_Brief_
Beginning with the line that contains "愛知の本ミル貝とワタリガニを" and ending with the line that contains "男女兼用 メンズ チェック柄", reproduce the lines of the entries below exactly, omitting pictures.

_Input_
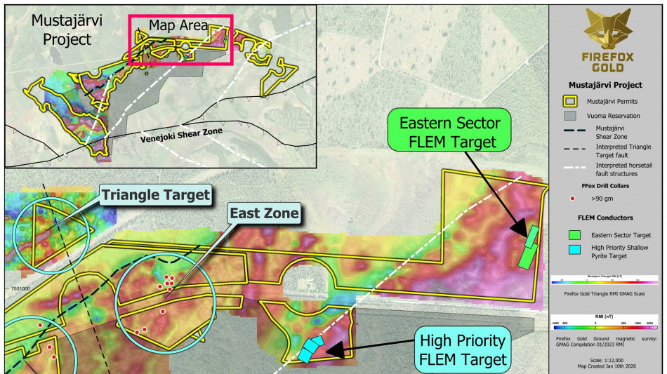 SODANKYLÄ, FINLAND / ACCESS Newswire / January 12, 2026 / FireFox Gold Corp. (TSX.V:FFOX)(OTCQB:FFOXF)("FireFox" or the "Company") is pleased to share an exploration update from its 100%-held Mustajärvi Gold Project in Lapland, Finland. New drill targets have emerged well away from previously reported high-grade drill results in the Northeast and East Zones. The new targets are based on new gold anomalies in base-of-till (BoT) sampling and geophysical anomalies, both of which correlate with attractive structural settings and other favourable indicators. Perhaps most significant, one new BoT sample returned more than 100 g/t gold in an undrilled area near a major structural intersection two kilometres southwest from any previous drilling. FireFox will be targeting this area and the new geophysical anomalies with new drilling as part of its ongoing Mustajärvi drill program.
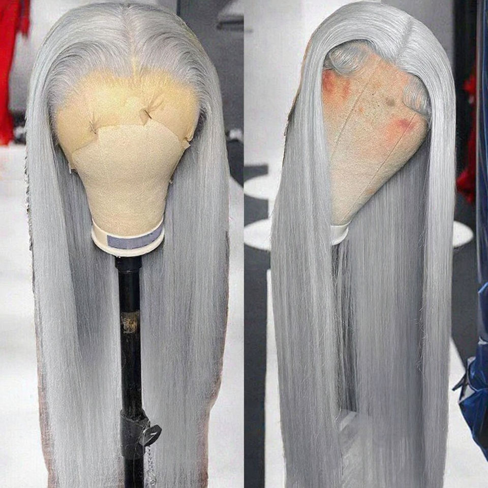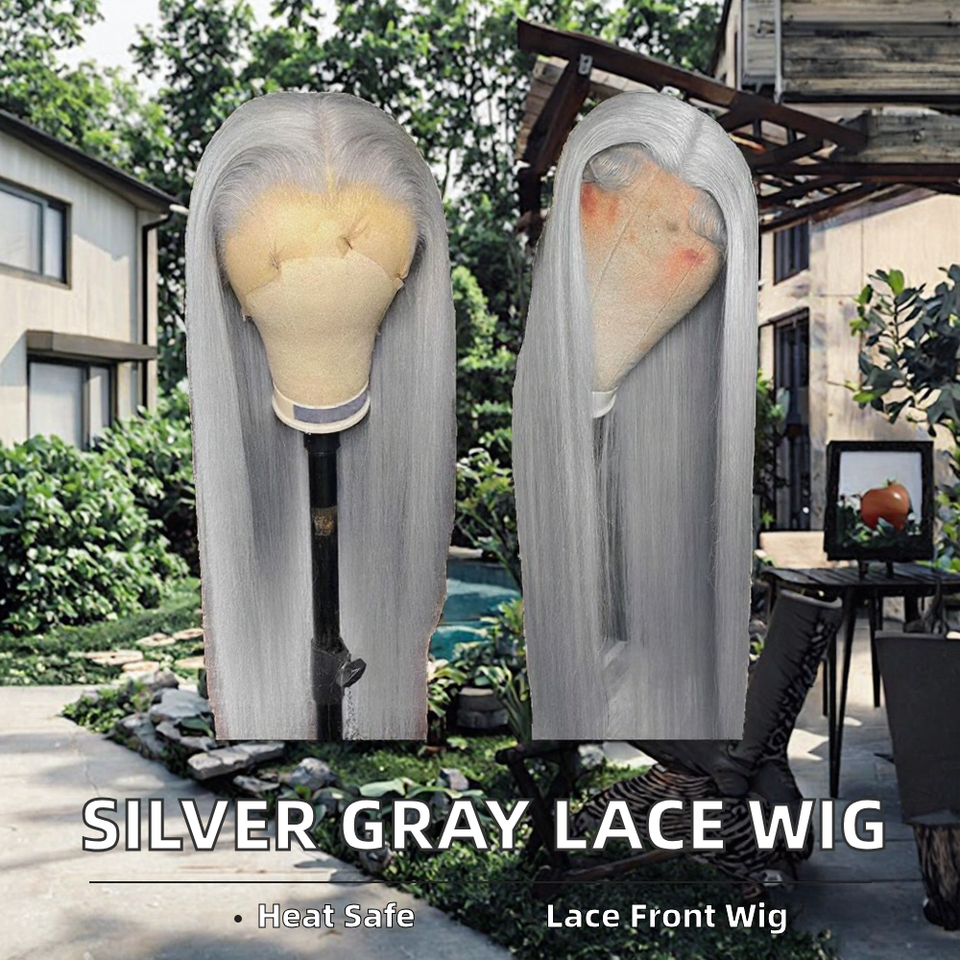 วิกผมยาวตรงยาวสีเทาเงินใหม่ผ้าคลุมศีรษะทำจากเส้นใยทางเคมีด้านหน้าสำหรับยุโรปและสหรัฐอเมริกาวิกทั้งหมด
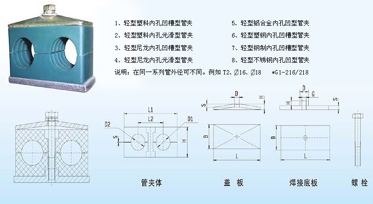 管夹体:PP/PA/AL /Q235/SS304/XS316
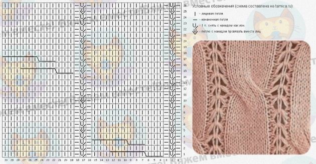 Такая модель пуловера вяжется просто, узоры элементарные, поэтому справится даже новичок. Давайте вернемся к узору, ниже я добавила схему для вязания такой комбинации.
* * *
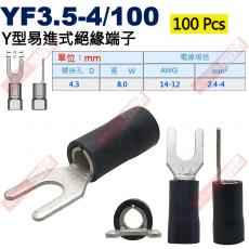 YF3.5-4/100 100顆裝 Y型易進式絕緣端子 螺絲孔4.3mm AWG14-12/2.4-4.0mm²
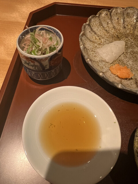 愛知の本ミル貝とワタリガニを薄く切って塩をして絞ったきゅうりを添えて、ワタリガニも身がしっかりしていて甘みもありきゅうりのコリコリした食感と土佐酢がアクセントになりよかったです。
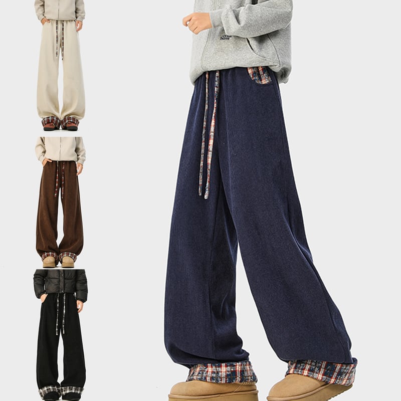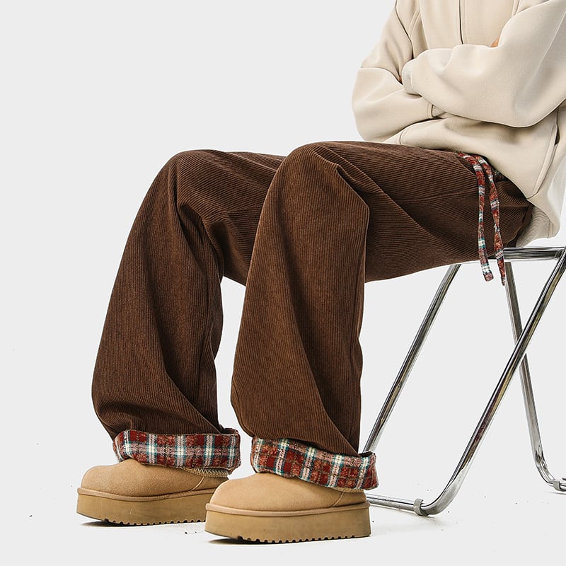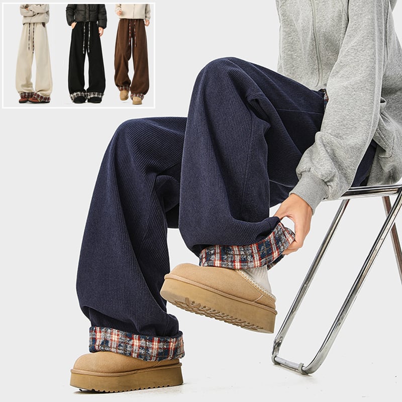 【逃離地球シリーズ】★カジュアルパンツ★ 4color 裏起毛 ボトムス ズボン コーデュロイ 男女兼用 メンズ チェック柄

_Solution for this exercise_
 愛知の本ミル貝とワタリガニを薄く切って塩をして絞ったきゅうりを添えて、ワタリガニも身がしっかりしていて甘みもありきゅうりのコリコリした食感と土佐酢がアクセントになりよかったです。
 【逃離地球シリーズ】★カジュアルパンツ★ 4color 裏起毛 ボトムス ズボン コーデュロイ 男女兼用 メンズ チェック柄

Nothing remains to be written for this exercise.